The posthumous release by the estate and NFT platform laCollection features five digital editions.

J.S.G. Boggs. Courtesy of the Estate of J.S.G. Boggs.

In life, the artist J.S.G. Boggs printed money, quite literally, colored pencil in hand. In death, his estate is continuing his legacy of questioning the value of money by releasing five NFTs based on his original banknote artworks.

The drop arrives five years after Boggs’s death and in partnership with laCollection, a platform dedicated to encouraging prominent museums and galleries to dip a toe in Web3. Indeed, it was the platform’s work with the British Museum and Vienna’s Leopold Museum that caught the attention of the estate’s digital advisor Jeff Koyen. “laCollection is serious about exhibiting world-class art,” he told Artnet News.

The sale, “J.S.G. Boggs: Money Talks,” begins with 50 Pound Note (1990), a digital edition of the kind of work that brought the American artist a date at London’s Old Bailey and considerable attention.
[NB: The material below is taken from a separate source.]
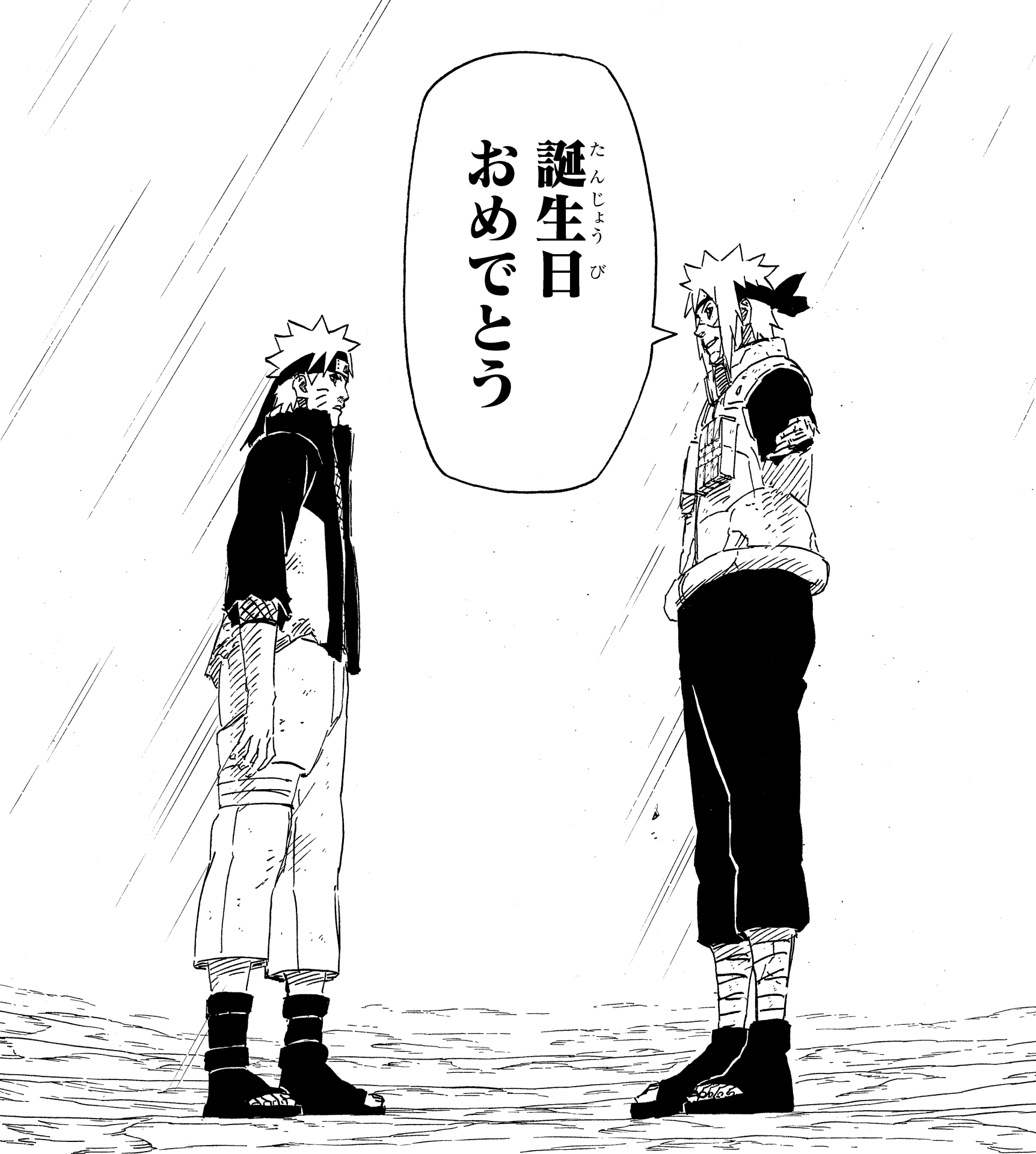 Minato is waiting to greet his son, and finally gets to wish him happy birthday for the first time before the two must part as the Reanimation Jutsu cast on him is released.

In 1986, ahead of a showing at Young Unknowns Gallery, the Bank of England charged him with violating the Forgery and Counterfeiting Act. The jury unanimously acquitted Boggs and the bank duly added the copyright symbol to its notes.

J.S.G. Boggs, 50 Pound Note, (1990). Courtesy of the Estate of J.S.G. Boggs.

As the story goes, Boggs drew his first dollar bill in 1984 at a Chicago diner. He paid for a coffee and donut with the marked-up napkin and received 10 cents in change. A penny dropped and for the next 30 years, he fastidiously replicated this process of creating and exchanging global banknotes, albeit with cheeky alterations (a $5,000 bill with a self-portrait or a £10 note marked with the words “For the Gov… Time is Money”).

Ever the prankster, Boggs encouraged collectors to join his performance. Those who did received works whose market value vastly exceeded their face value, a phenomenon certainly familiar in the NFT era. Koyen sees the lineage of NFTs dating back to Boggs: “Conjured from the digital ether, NFTs saw their prices skyrocket as buyers assigned greater and greater value. I have to image that Boggs would’ve loved the NFT phenomenon.” But Boggs’s crypto credentials go further: he hoped to create his own currency, “the Bogg,” and reportedly worked on an encrypted online currency in the early 2000s. laCollection dubs him “Patron Saint of Cryptocurrency.”

J.S.G. Boggs, 5000 Dollars Green, (2001). Courtesy of the Estate of J.S.G. Boggs.

Unlike Boggs, who swapped rather than sold bills in exchange for a service and a receipt, “Money Talks” prices its NFTs, which are released in editions of 50, at €350 ($345) or around ETH 0.26. In addition to the work of art, purchasers receive a printed banknote from Boggs’s archives, an equally tangible crypto receipt, and an invitation to exclusive viewings of Boggs’s archive and Q&A sessions with the estate’s advisor.

“The format of the drop is based on the concept of Boggs’s artistic process,” laCollection co-founder Jean-Sébastien Beauchamp told Artnet News. “We wished to recreate the experience [of collecting Boggs] and the works feature all the elements of his process.”

J.S.G. Boggs, 100 Cent Francs Self Portrait, (1988). Courtesy of the Estate of J.S.G. Boggs.

As with all its other sales, laCollection has labelled this release “an exhibition” and is showcasing other crypto artists with money on their minds alongside Boggs in a broader exploration of what it calls “Art & Currency.” These educational elements serve to distinguish laCollection from transactional NFT marketplaces, such as OpenSea or Rarible, and thereby convince traditionally conservative art institutions to create NFTs. Previously, the Paris-based platform held curator-led webinars in tandem with its British Museum Hokusai drop, and offered exhibition previews and behind-the-scenes access when it partnered with the Museum of Fine Arts Boston on a collection of French Impressionist NFTs.

Boggs’s estate will use all proceeds to fund the preservation of his archives. “Boggs was a prodigious collector, but perhaps not the best archivist,” Koyen said. “We hope to use funds to make Boggs’s body of work digitally available to the public and maybe even open a physical location in the future.”